■ TASK: The expected result is the full listing, retyped exactly, without a single picture.

■ MATERIAL PROVIDED:
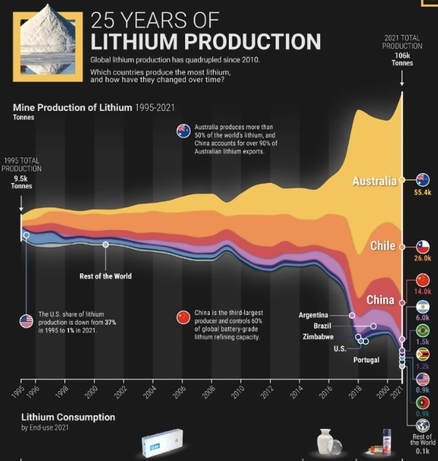 남미의 칠레, 아르헨티나, 볼리비아 등지에도 엄청난 양의 리튬이 매장되어 있다 보니, 이 지역도 리튬의 사우디아라비아라고 불릴 정도입니다. 또한, 호주는 리튬 매장량 2위 국가이며, 전 세계에서 가장 많은 리튬을 생산하고 있는 국가로서, 외교에도 리튬을 가장 강력한 무기로 활용하고 있습니다.
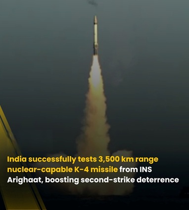India recently conducted a successful test of the K-4 submarine-launched ballistic missile (SLBM) from the nuclear-powered submarine INS Arighaat in the Bay of Bengal. The test demonstrated India’s ability to strike targets at a distance of around 3,500 km from underwater platforms, significantly strengthening its sea-based nuclear deterrence.
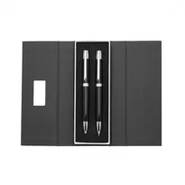 Descrição: Conjunto caneta e lapiseira em estojo de cartonagem com placa central para personalização. Clip metal com dois anéis em relevo, anel centralizado e dois anéis em relevo na ponteira e acionam por giro. Estojo revestida com espuma na parte interna.

■ RESPONSE AREA:
 남미의 칠레, 아르헨티나, 볼리비아 등지에도 엄청난 양의 리튬이 매장되어 있다 보니, 이 지역도 리튬의 사우디아라비아라고 불릴 정도입니다. 또한, 호주는 리튬 매장량 2위 국가이며, 전 세계에서 가장 많은 리튬을 생산하고 있는 국가로서, 외교에도 리튬을 가장 강력한 무기로 활용하고 있습니다.
India recently conducted a successful test of the K-4 submarine-launched ballistic missile (SLBM) from the nuclear-powered submarine INS Arighaat in the Bay of Bengal. The test demonstrated India’s ability to strike targets at a distance of around 3,500 km from underwater platforms, significantly strengthening its sea-based nuclear deterrence.
 Descrição: Conjunto caneta e lapiseira em estojo de cartonagem com placa central para personalização. Clip metal com dois anéis em relevo, anel centralizado e dois anéis em relevo na ponteira e acionam por giro. Estojo revestida com espuma na parte interna.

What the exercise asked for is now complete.